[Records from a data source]
◆ ◆ ◆

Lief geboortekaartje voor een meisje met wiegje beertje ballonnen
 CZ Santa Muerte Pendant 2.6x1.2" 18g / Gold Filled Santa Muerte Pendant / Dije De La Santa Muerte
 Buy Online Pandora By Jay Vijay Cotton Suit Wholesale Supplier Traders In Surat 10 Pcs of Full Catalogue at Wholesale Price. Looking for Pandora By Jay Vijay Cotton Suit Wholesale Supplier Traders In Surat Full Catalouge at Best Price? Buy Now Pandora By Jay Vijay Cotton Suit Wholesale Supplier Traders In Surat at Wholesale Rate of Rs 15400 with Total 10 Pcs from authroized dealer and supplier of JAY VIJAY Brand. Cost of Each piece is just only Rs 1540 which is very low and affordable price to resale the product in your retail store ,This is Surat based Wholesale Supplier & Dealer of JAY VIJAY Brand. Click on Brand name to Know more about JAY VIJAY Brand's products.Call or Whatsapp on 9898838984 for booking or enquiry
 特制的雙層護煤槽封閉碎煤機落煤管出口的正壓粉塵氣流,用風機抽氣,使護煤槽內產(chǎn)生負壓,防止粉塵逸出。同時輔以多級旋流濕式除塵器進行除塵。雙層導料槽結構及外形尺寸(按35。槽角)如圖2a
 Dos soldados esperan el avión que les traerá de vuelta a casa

◆ ◆ ◆

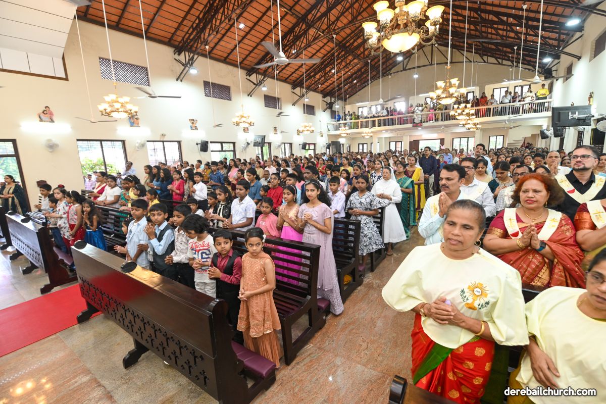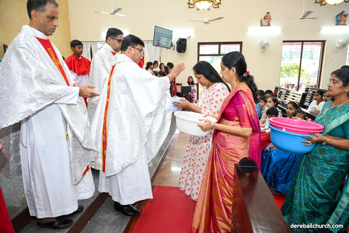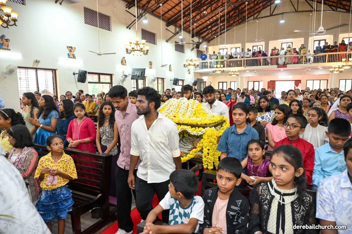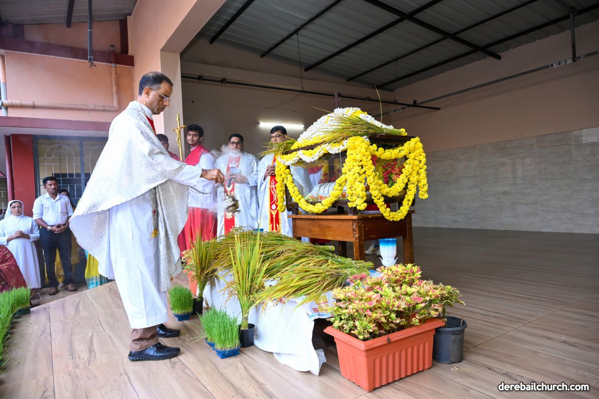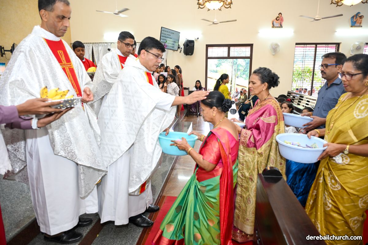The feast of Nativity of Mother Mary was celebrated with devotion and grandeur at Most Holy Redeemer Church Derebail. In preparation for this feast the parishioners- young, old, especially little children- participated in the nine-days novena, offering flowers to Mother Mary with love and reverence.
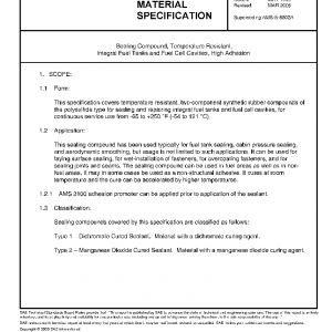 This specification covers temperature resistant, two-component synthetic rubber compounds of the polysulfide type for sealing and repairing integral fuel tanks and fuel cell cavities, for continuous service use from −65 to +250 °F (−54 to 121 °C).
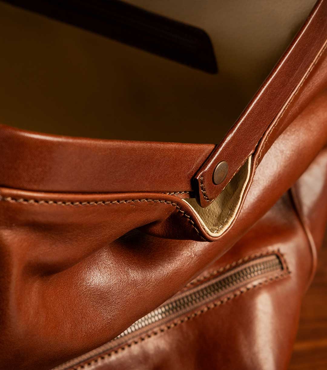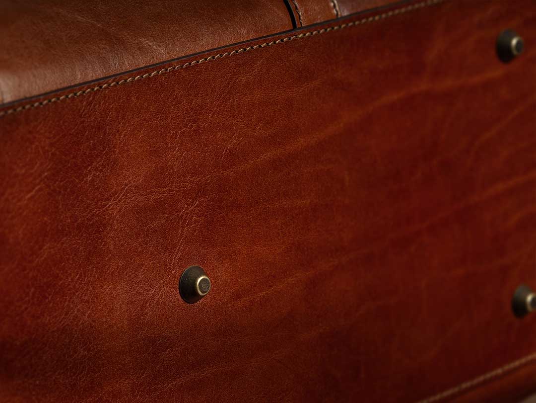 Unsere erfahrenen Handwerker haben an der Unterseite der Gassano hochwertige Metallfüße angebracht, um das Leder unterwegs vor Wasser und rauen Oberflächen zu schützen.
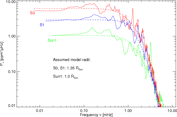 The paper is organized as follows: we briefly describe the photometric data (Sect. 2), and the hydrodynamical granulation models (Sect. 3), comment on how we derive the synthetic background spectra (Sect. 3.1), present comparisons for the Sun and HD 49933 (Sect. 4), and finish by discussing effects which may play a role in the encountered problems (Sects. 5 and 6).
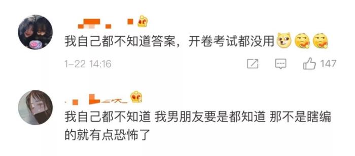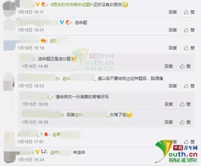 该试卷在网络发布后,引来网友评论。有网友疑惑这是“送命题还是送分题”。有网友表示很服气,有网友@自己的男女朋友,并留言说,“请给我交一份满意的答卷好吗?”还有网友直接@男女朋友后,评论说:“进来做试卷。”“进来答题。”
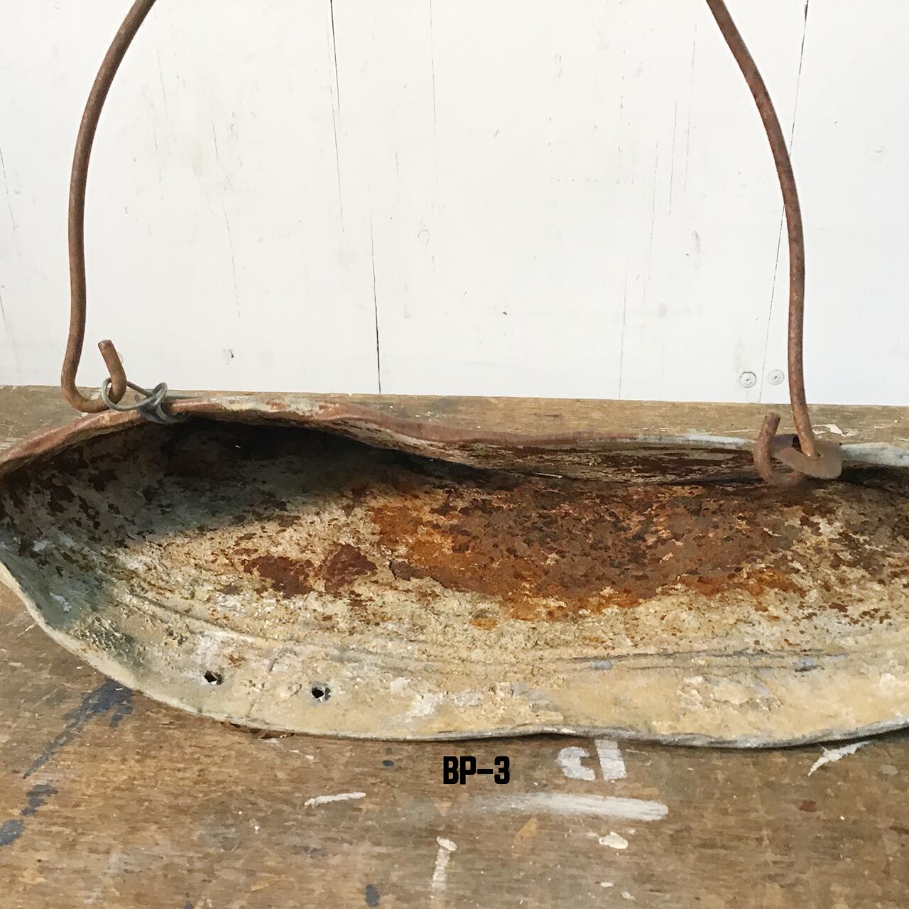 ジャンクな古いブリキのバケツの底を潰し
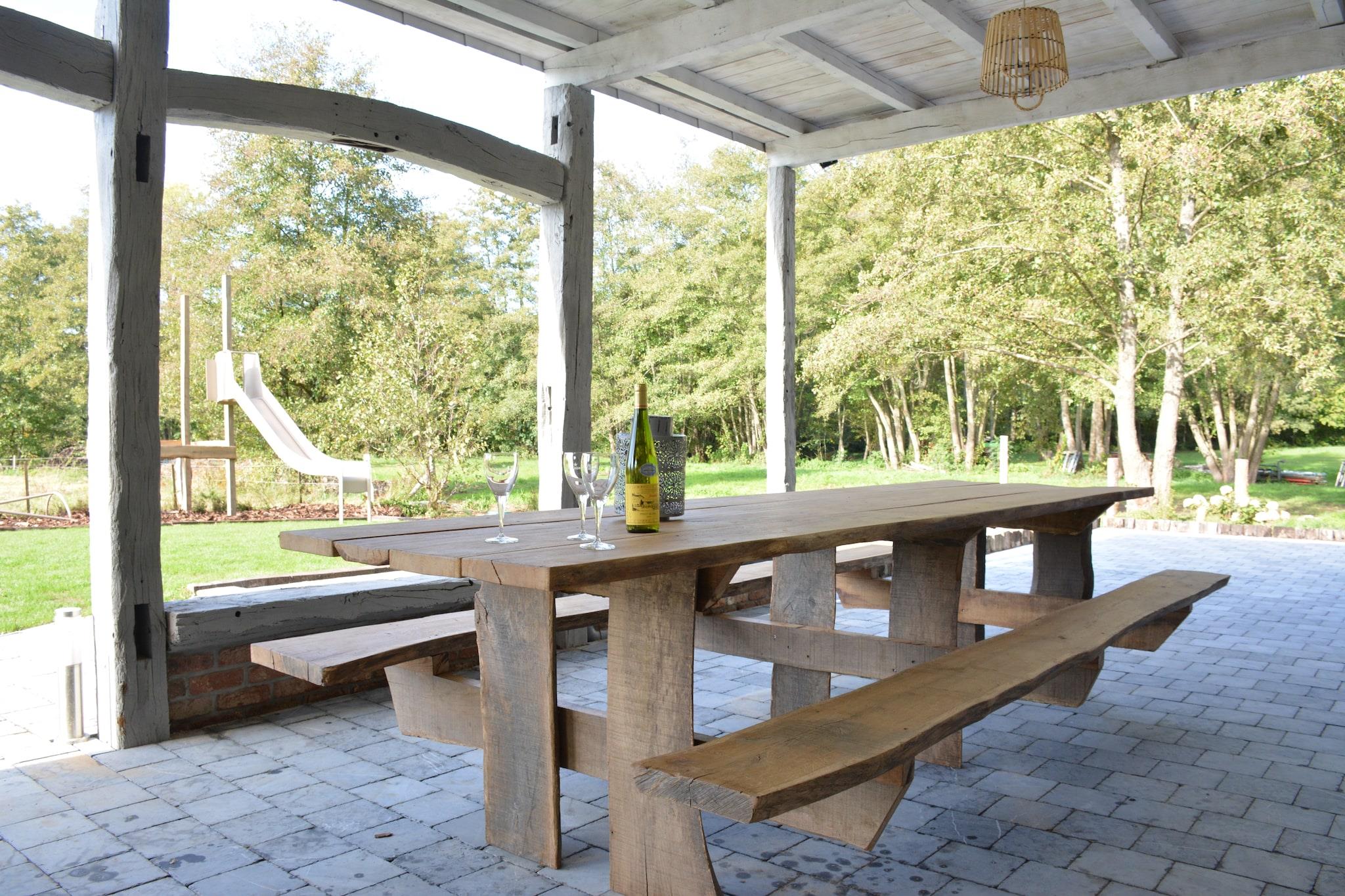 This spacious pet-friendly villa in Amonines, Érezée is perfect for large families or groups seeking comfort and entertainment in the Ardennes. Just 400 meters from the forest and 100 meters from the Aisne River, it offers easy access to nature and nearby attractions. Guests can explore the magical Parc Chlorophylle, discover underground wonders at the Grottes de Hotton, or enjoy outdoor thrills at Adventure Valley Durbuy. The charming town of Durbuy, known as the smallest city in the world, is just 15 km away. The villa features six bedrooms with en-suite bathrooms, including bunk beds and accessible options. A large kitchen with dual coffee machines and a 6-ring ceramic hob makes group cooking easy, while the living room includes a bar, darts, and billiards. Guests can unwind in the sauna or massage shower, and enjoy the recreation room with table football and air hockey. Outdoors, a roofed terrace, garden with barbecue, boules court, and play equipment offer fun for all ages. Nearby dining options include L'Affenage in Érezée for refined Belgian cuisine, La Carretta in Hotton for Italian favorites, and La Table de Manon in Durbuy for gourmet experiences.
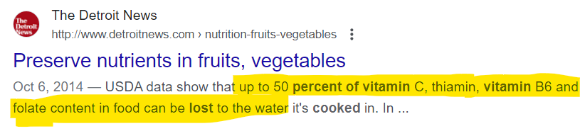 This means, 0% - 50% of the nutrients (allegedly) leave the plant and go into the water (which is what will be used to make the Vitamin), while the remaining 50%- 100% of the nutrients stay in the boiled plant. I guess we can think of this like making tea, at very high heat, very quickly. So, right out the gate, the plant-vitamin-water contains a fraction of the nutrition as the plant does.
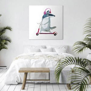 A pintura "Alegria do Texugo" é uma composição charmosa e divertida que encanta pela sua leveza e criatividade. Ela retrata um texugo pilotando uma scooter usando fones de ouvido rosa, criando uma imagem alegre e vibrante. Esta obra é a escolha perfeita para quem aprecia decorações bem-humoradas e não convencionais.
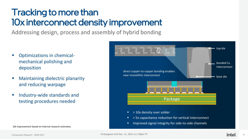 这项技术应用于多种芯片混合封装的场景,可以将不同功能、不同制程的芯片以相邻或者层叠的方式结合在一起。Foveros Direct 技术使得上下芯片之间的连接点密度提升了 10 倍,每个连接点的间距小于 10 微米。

◆ ◆ ◆

■ Exercise ■
Every line above from the line with "Lief geboortekaartje voor" to the line with "CZ Santa Muerte" is wanted, ends included; write them out exactly and add no other line.

■ Written answer ■
Lief geboortekaartje voor een meisje met wiegje beertje ballonnen
 CZ Santa Muerte Pendant 2.6x1.2" 18g / Gold Filled Santa Muerte Pendant / Dije De La Santa Muerte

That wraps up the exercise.